**RECORDED DATA**
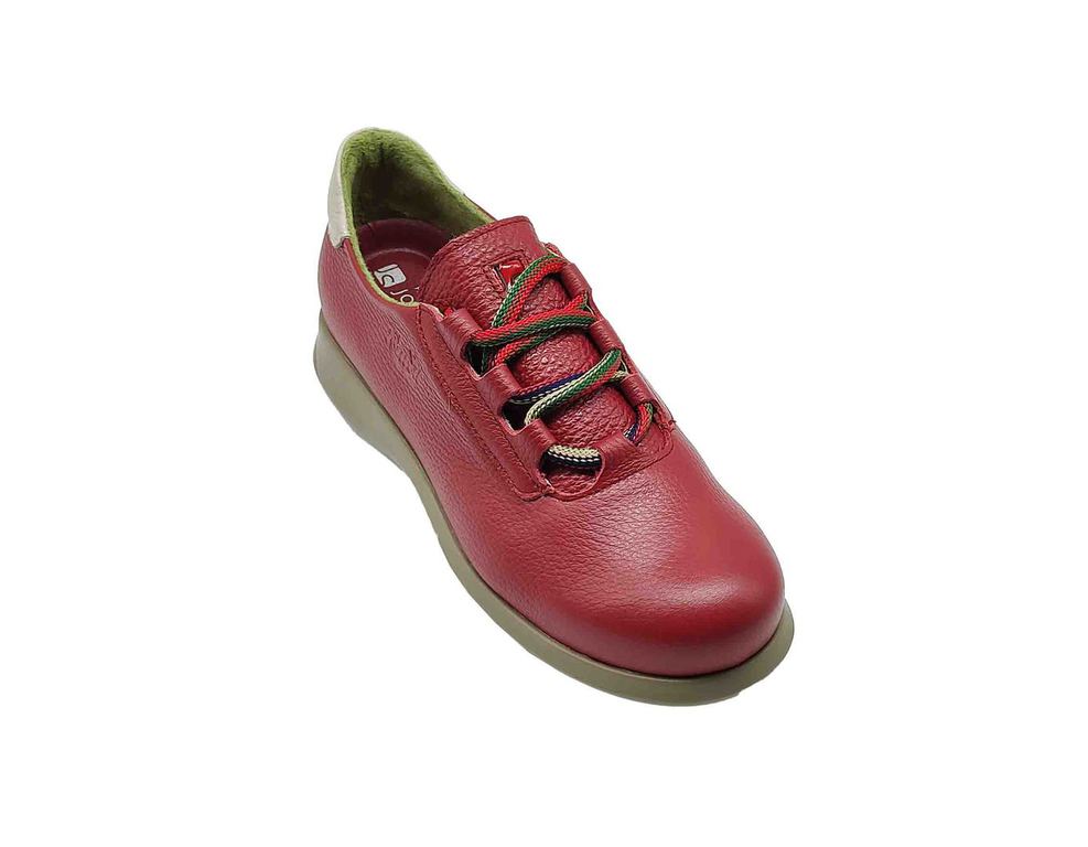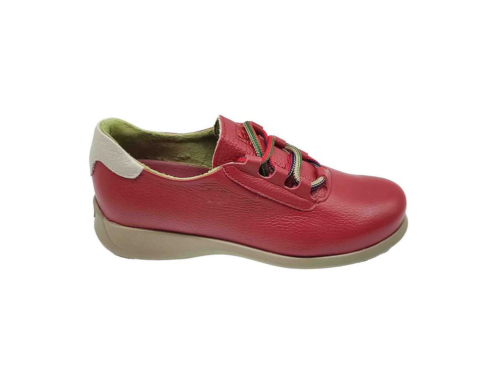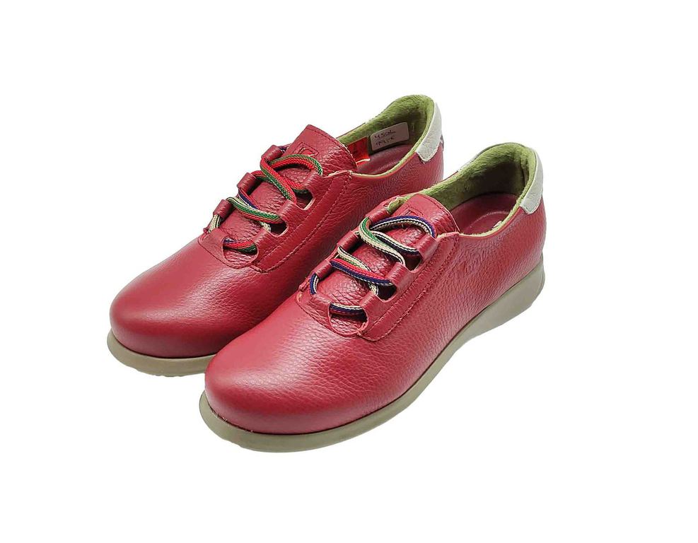 Originales zapatos de cuero rojo de la marca José Saenz, con cordones multicolor que le dan un toque divertido y único. Su diseño cómodo y su estilo vibrante los hacen perfectos para añadir un toque de color a tus outfits diarios. Ideal para quienes buscan confort y personalidad en su calzado.
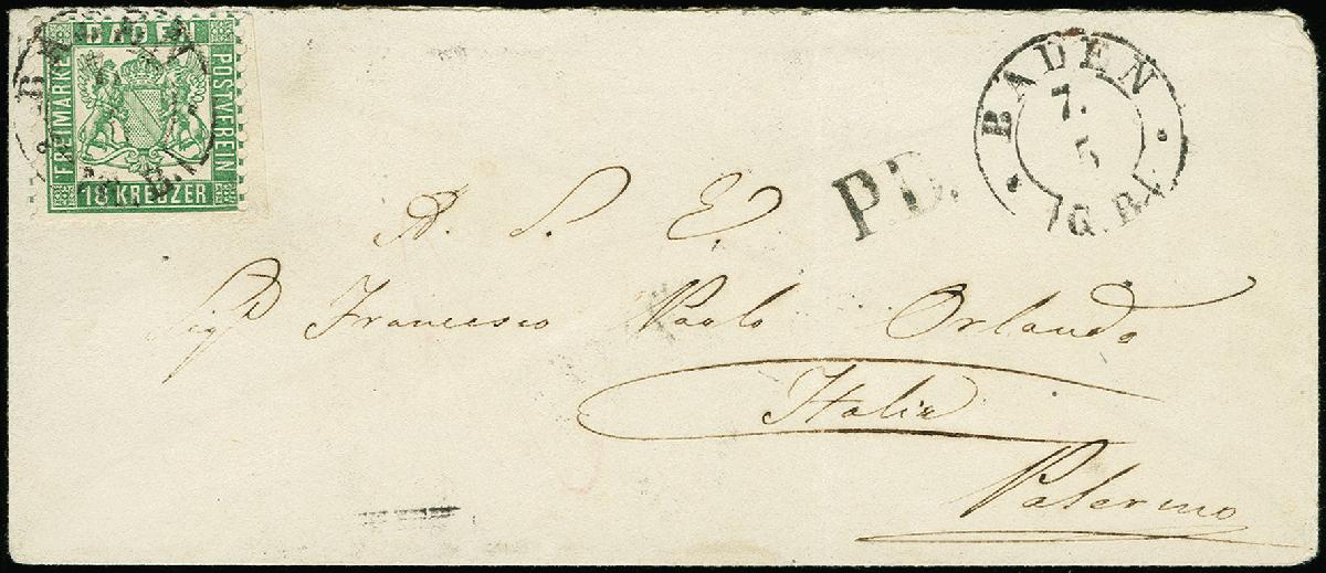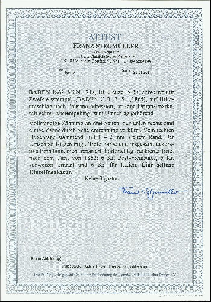 | Zusatzinformationen und Suchstichworte: | 368. Auktion Heinrich Köhler 26.-30. März 2019 Los 3250 18 Kr. grün, farbfrisch und überwiegend gut gezähnt, nur unten rechts sind einige Zähne durch Scherentrennung verkürzt, rechts mit schmalem Bogenrand, mit sauber auf- und nebengesetztem DKr. "BADEN G.W. 7.5" (1865) auf kleiner Briefhülle über die Schweiz nach Palermo, diverse Transit- und Ankunftsstempel einschließlich "SCHIFFSBUREAU Nr.2 LUZERN", das Kuvert leichte Faltung außerhalb der Frankatur, eine attraktive und seltene Einzelfrankatur, Fotoattest Stegmüller BPP (2019) Zuschlag 1.200,00 EUR |
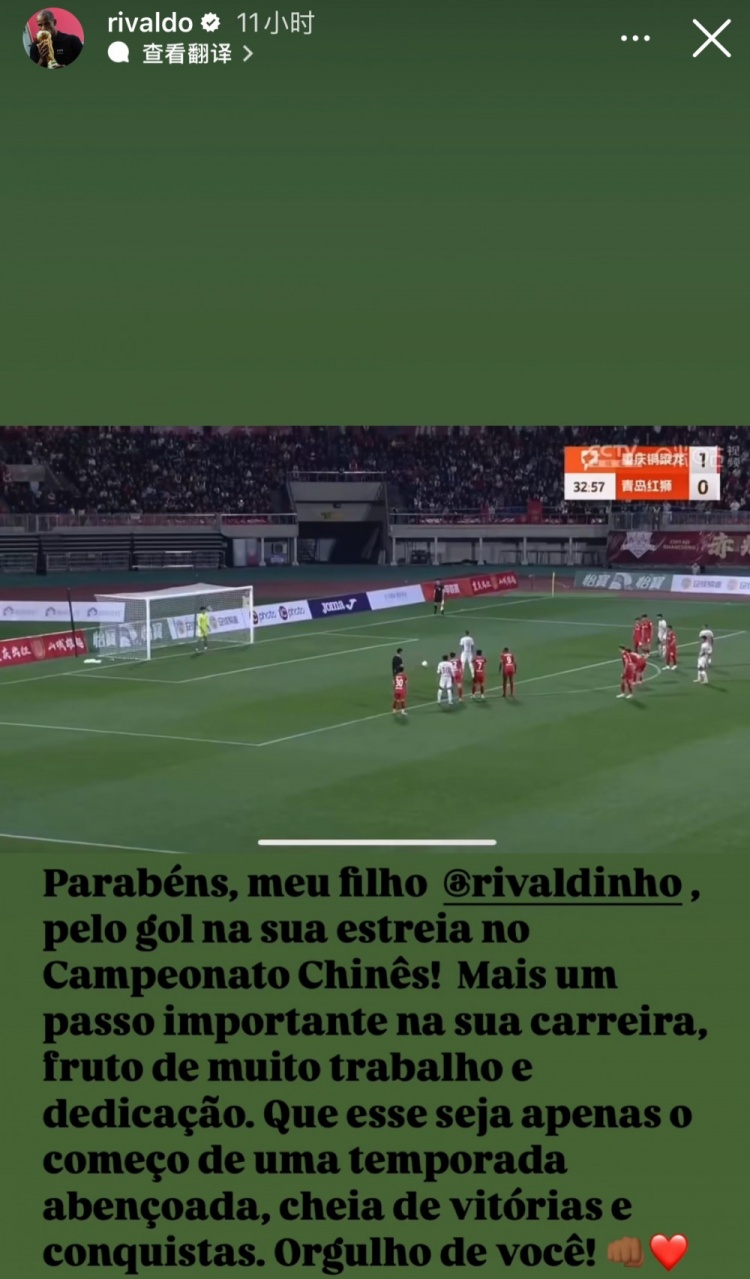 2025-03-16 16:25:59里瓦爾多祝賀兒子中甲首秀破門:愿這只是一個充滿勝利賽季的開始
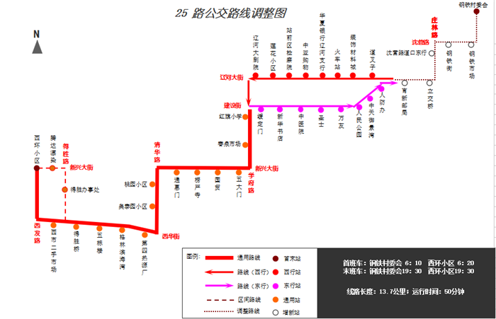 1.線路走向:“西環(huán)小區(qū)”—原線—遼河大街/建設(shè)街(東風(fēng)路)—“立交橋”—莊林路—沈營路—“鋼鐵村委會(huì)”。
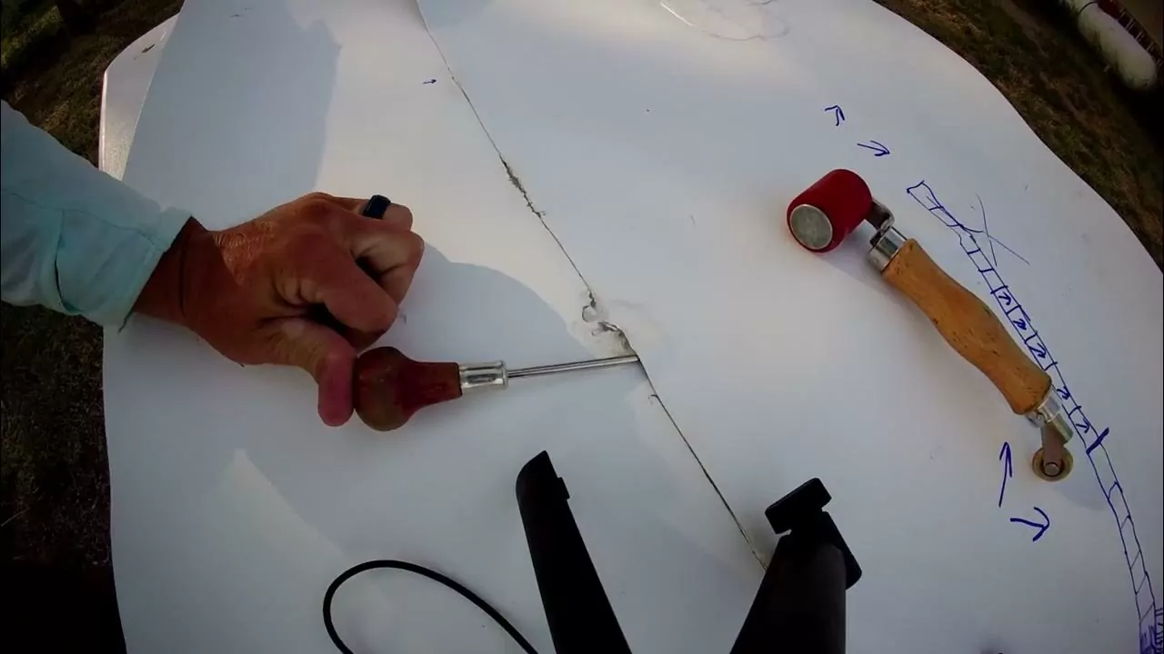 The speaker is demonstrating or instructing on a repair process, likely for a membrane or surface, providing technical guidance to an unseen audience.
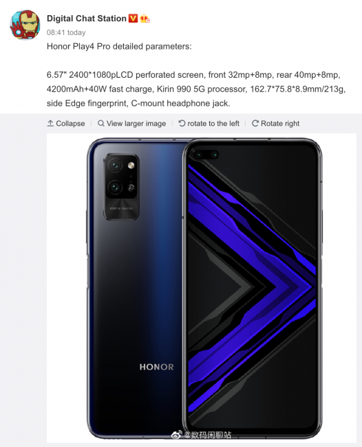 Китайский инсайдер Digital Chat Station опубликовал подробные спецификации смартфона Honor Play 4 Pro до анонса.
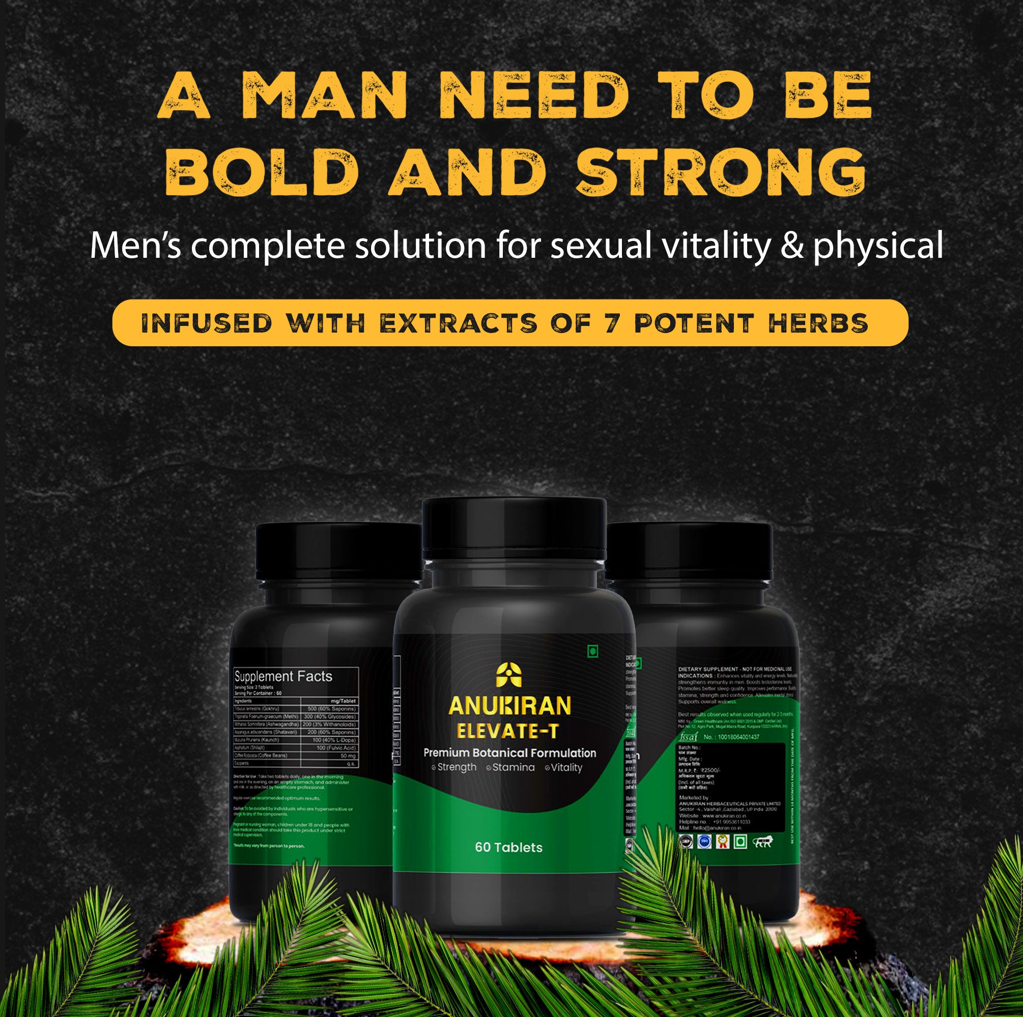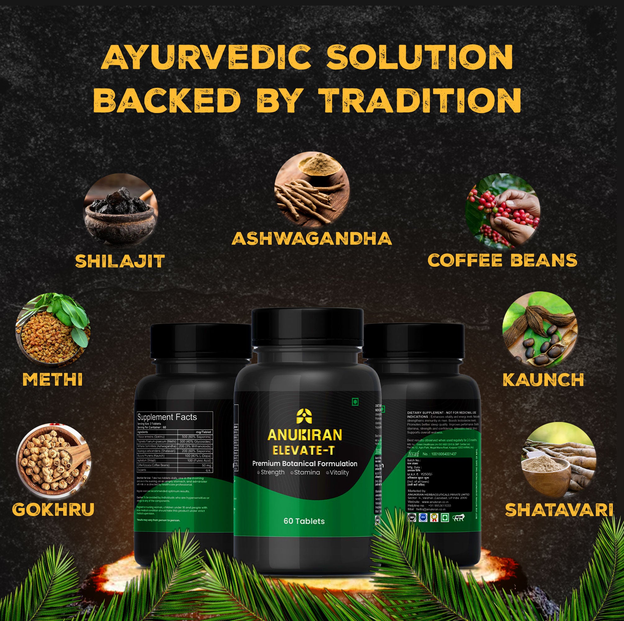Pure Ayurvedic ingredients like Shilajit, Ashwagandha work synergistically for male health.
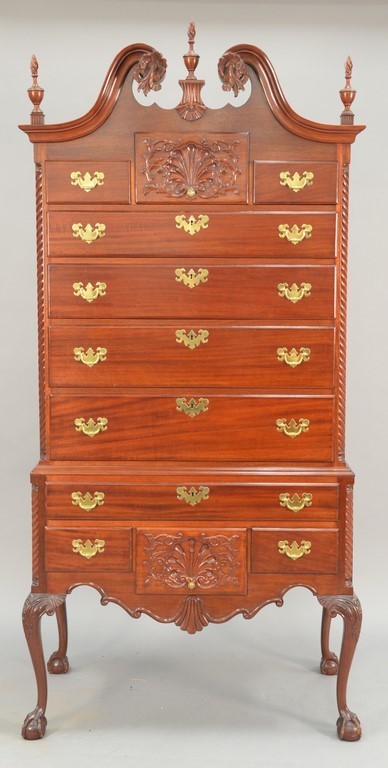 Fineberg mahogany Chippendale style highboy in two parts, upper portion with broken arch top over three over four drawers on lower portion with one long drawer over three drawers with scalloped apron set on carved cabriole legs ending in ball and claw feet, all flanked by spiral columns.
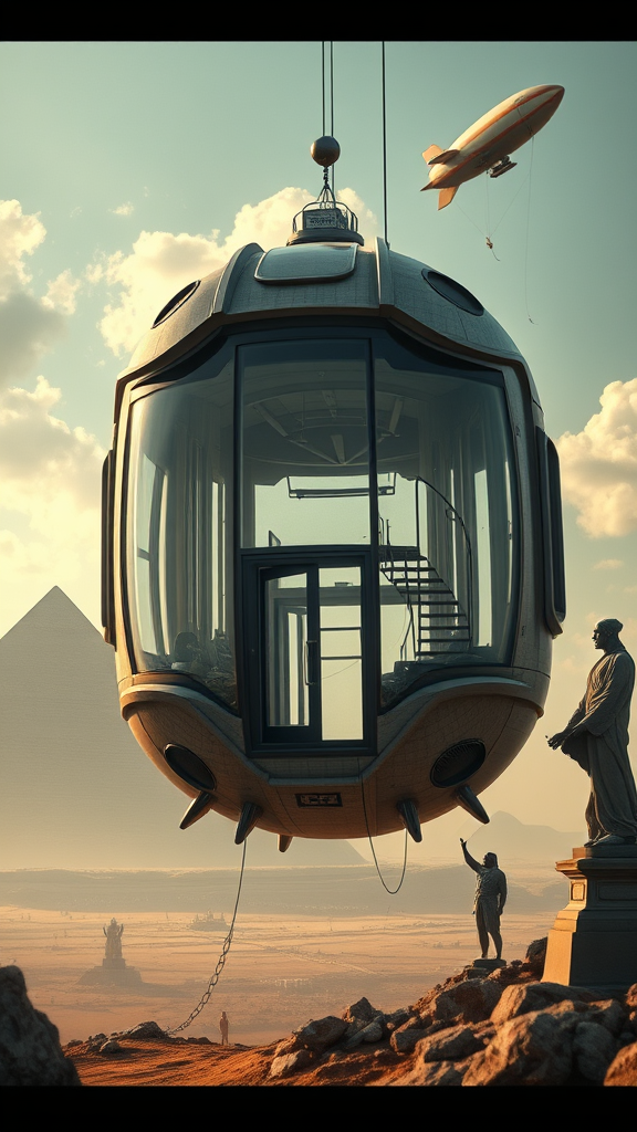 A futuristic capsule house suspended in mid-air, featuring an epic front door and expansive glass windows, intricately detailed and cinematic with a touch of realism, inspired by Fenghua Zhong's style. The scene is artistically rendered with a slightly blurry and surreal atmosphere. Elements include distorted shadows, an Egyptian pyramid in the background, and a statue adding an ancient touch. In the sky, two balloons and a blimp float nearby. The composition hints at extra appendages and unusual forms, adding a sense of mystery and mutation.

**TASK GOAL**
Only the lines from the one with "Fineberg mahogany Chippendale" through the final line of the data should be written out, exactly and including both ends. Skip the pictures.

**WRITTEN SOLUTION**
 Fineberg mahogany Chippendale style highboy in two parts, upper portion with broken arch top over three over four drawers on lower portion with one long drawer over three drawers with scalloped apron set on carved cabriole legs ending in ball and claw feet, all flanked by spiral columns.
 A futuristic capsule house suspended in mid-air, featuring an epic front door and expansive glass windows, intricately detailed and cinematic with a touch of realism, inspired by Fenghua Zhong's style. The scene is artistically rendered with a slightly blurry and surreal atmosphere. Elements include distorted shadows, an Egyptian pyramid in the background, and a statue adding an ancient touch. In the sky, two balloons and a blimp float nearby. The composition hints at extra appendages and unusual forms, adding a sense of mystery and mutation.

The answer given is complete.